Source material:
----------

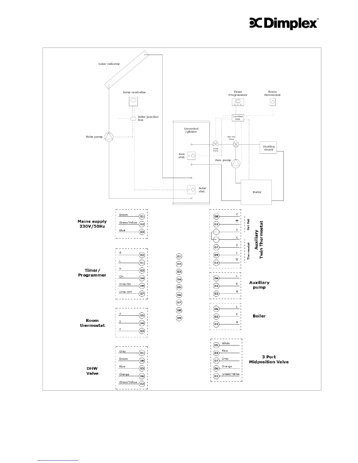 Figure 12 - Auxiliary loop integration 1x motorised two port valve and mid-position valve
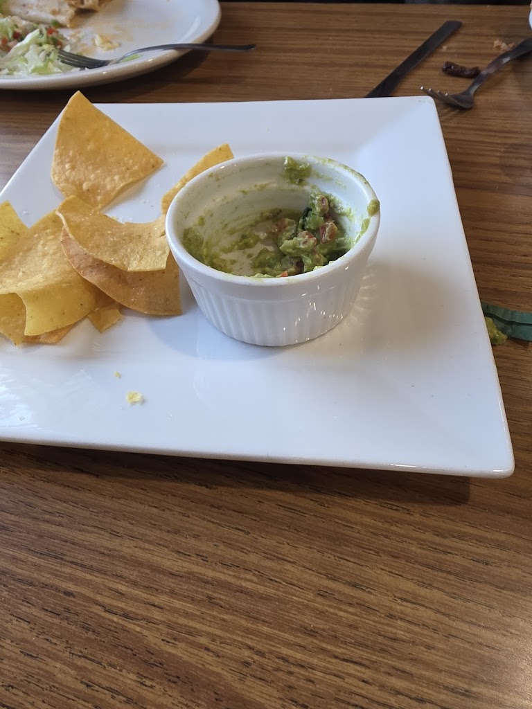 This small dish of guacamole was $10.50. Salsa was tomato water. Chips seemed stale (or the fryer oil needs changing).
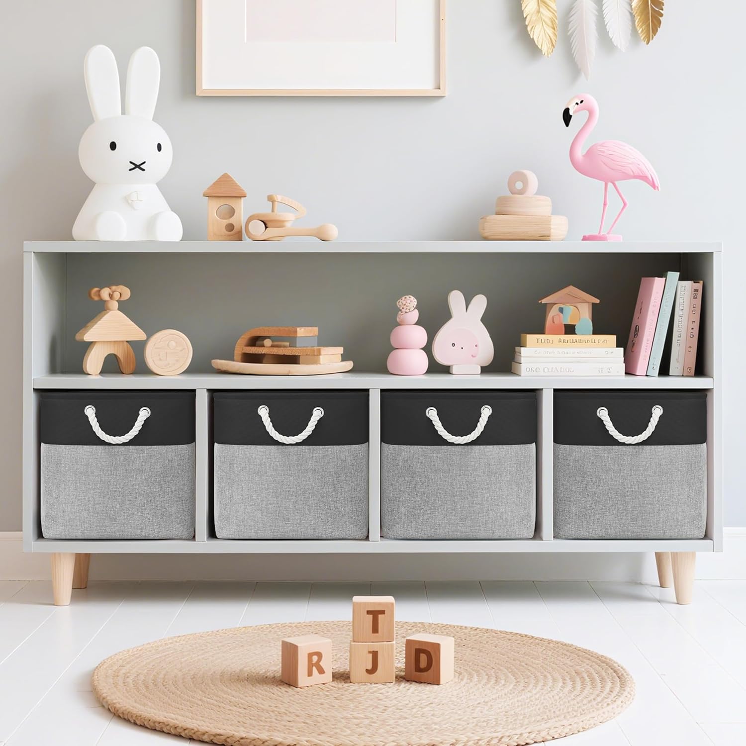 13x13 Inch Cube Storage Bins with Reinforced Bottom Cardboard, 6 Pack Large Collapsible Fabric Storage Cubes with Handles for Shelf, Closet, Toy, Laundry Organization (Black&Gray)
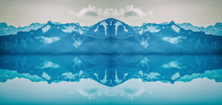 Serene mountain reflection creating a cinematic pattern texture on the calm lake surface
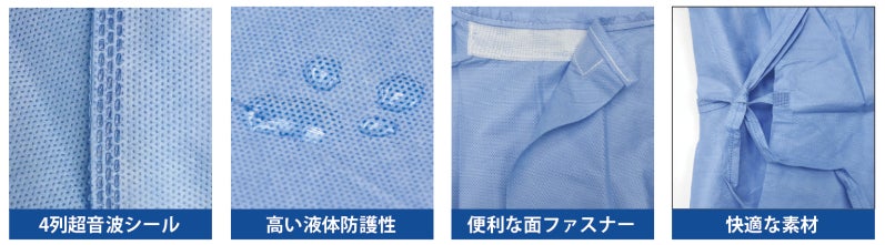 セーフウェア サージカルガウンは、AAMIレベル3適合、高い撥水性能を有するSMSサージカルガウンです。
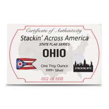 Each 1 oz Colorized Stacking Across America Ohio State Flag Silver Bar is protected inside a plastic capsule and is one of the 50 bars in the series. The obverse design stays the same for every bar, while the reverse highlights the unique flag of each state.
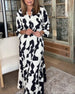 SPECIFICATIONS Style: Elegant Material: Cotton Blends Dress Type: A-Line Dress Length: Midi Neckline: Round Neck Pattern Type: Print Sleeve Type: Lantern Sleeve Sleeve Length: Nine Points Sleeve Details: Shirred Fit Type: Regular Season: Spring, Fall, Winter Occasion: Daily Package Includes: 1 x Dress SIZE TABLE Size Bust Lengt...
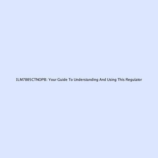 ILM7805CTNOPB: Your Guide To Understanding And Using This Regulator
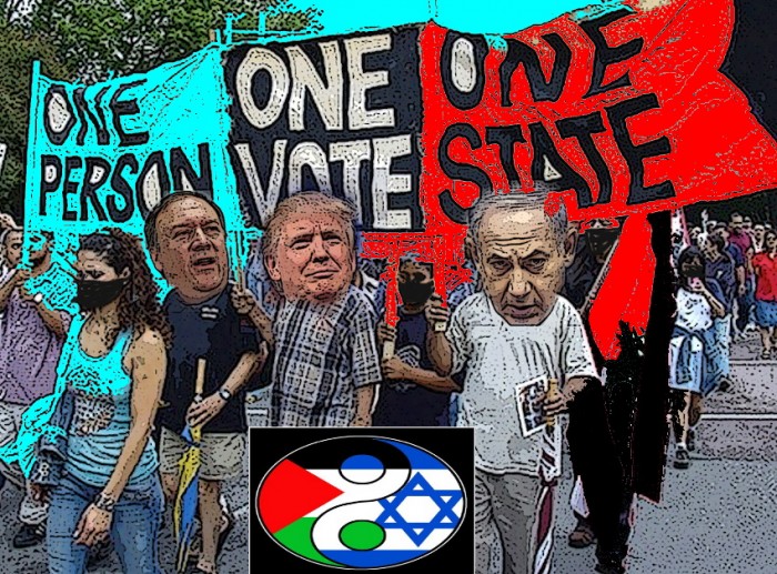 Quoique par inadvertance, Trump a finalement engagé les USA dans la solution à un seul État. Il est difficile de nier que la zone située entre « le fleuve et la mer » ne constitue qu'un seul morceau de terre. Elle partage un réseau électrique, un indicatif téléphonique international (+972) et un réseau d'égout. Présentement, la terre est gouvernée par une idéologie raciste, tribale et discriminatoire par le biais d'un appareil qui s'appelle « l'État juif » et qui se proclame foyer de tous les Juifs du monde ; simultanément, il est abusif, meurtrier et, diraient certains, génocidaire envers le peuple autochtone de cette terre.
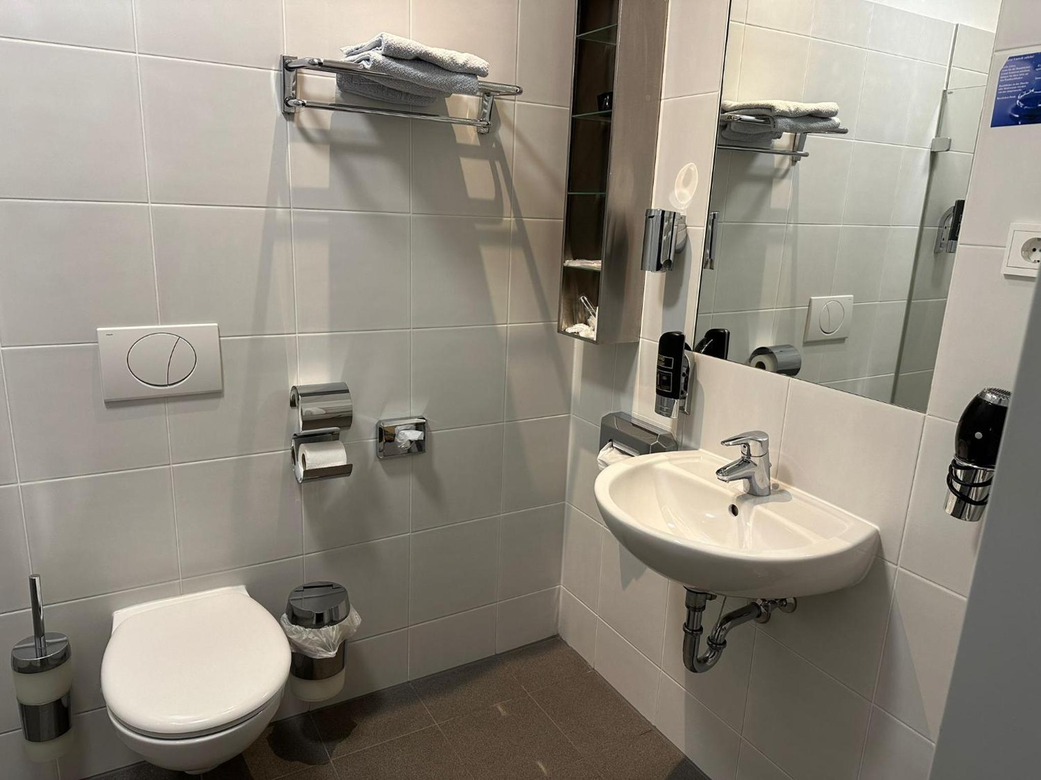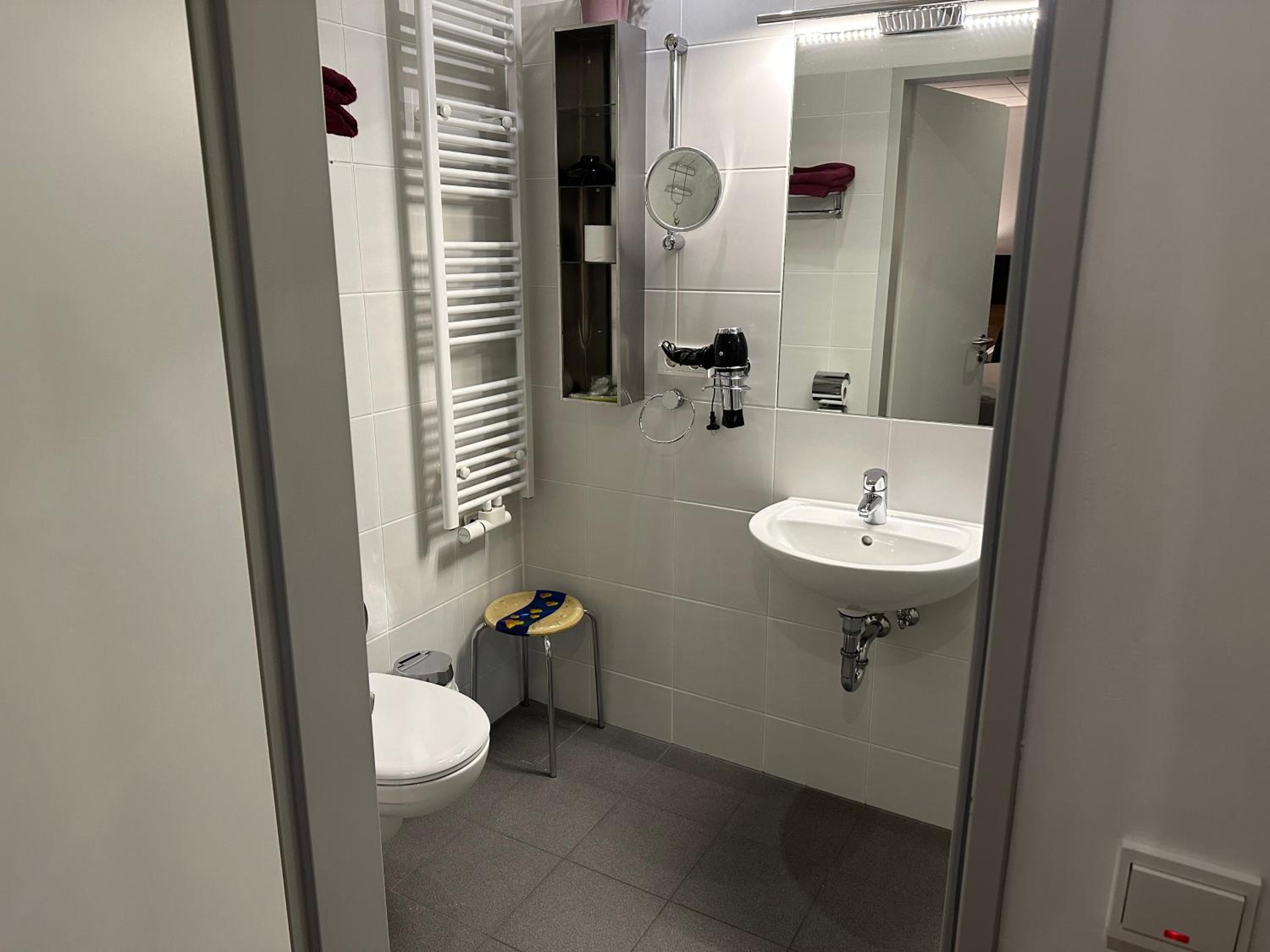 Das Bad sieht aus, wie im Khs. Das Zimmer lieblos.
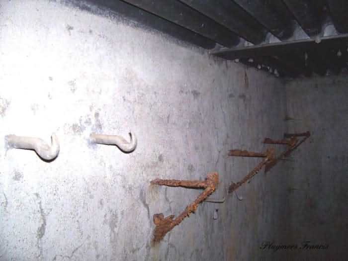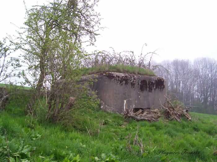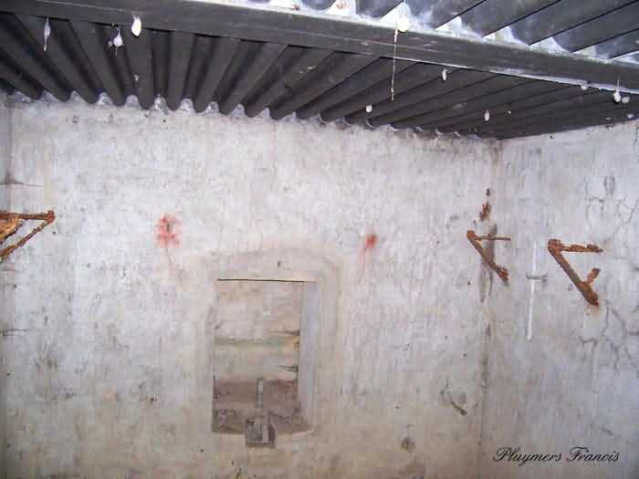 Belgian fortifications of the Second World War, first line of defenses of Liège, FPL1, Comblain-Sougné interval, shelter CS7. Shelter with an embrasure for a Maxim machine gun, structurally in good condition but particularly dirty inside. Located at the eastern end of the farm track on Rue Pierreuxchamps, 270 m east of shelter CS6. The mount for the Chardôme carriage is still in place although the axle has lost its bolt. The metal consoles with their service hooks are still present. The mounting plate for the cartridge hopper is in place. The grenade-launching chute still has its closing flap. The entrance grill and the louvered door have not moved.

----------

Work task: Go through the entries above and write them out again exactly, images left behind.

Solution for this task:
 Figure 12 - Auxiliary loop integration 1x motorised two port valve and mid-position valve
 This small dish of guacamole was $10.50. Salsa was tomato water. Chips seemed stale (or the fryer oil needs changing).
 13x13 Inch Cube Storage Bins with Reinforced Bottom Cardboard, 6 Pack Large Collapsible Fabric Storage Cubes with Handles for Shelf, Closet, Toy, Laundry Organization (Black&Gray)
 Serene mountain reflection creating a cinematic pattern texture on the calm lake surface
 セーフウェア サージカルガウンは、AAMIレベル3適合、高い撥水性能を有するSMSサージカルガウンです。
 Each 1 oz Colorized Stacking Across America Ohio State Flag Silver Bar is protected inside a plastic capsule and is one of the 50 bars in the series. The obverse design stays the same for every bar, while the reverse highlights the unique flag of each state.
 SPECIFICATIONS Style: Elegant Material: Cotton Blends Dress Type: A-Line Dress Length: Midi Neckline: Round Neck Pattern Type: Print Sleeve Type: Lantern Sleeve Sleeve Length: Nine Points Sleeve Details: Shirred Fit Type: Regular Season: Spring, Fall, Winter Occasion: Daily Package Includes: 1 x Dress SIZE TABLE Size Bust Lengt...
 ILM7805CTNOPB: Your Guide To Understanding And Using This Regulator
 Quoique par inadvertance, Trump a finalement engagé les USA dans la solution à un seul État. Il est difficile de nier que la zone située entre « le fleuve et la mer » ne constitue qu'un seul morceau de terre. Elle partage un réseau électrique, un indicatif téléphonique international (+972) et un réseau d'égout. Présentement, la terre est gouvernée par une idéologie raciste, tribale et discriminatoire par le biais d'un appareil qui s'appelle « l'État juif » et qui se proclame foyer de tous les Juifs du monde ; simultanément, il est abusif, meurtrier et, diraient certains, génocidaire envers le peuple autochtone de cette terre.
 Das Bad sieht aus, wie im Khs. Das Zimmer lieblos.
 Belgian fortifications of the Second World War, first line of defenses of Liège, FPL1, Comblain-Sougné interval, shelter CS7. Shelter with an embrasure for a Maxim machine gun, structurally in good condition but particularly dirty inside. Located at the eastern end of the farm track on Rue Pierreuxchamps, 270 m east of shelter CS6. The mount for the Chardôme carriage is still in place although the axle has lost its bolt. The metal consoles with their service hooks are still present. The mounting plate for the cartridge hopper is in place. The grenade-launching chute still has its closing flap. The entrance grill and the louvered door have not moved.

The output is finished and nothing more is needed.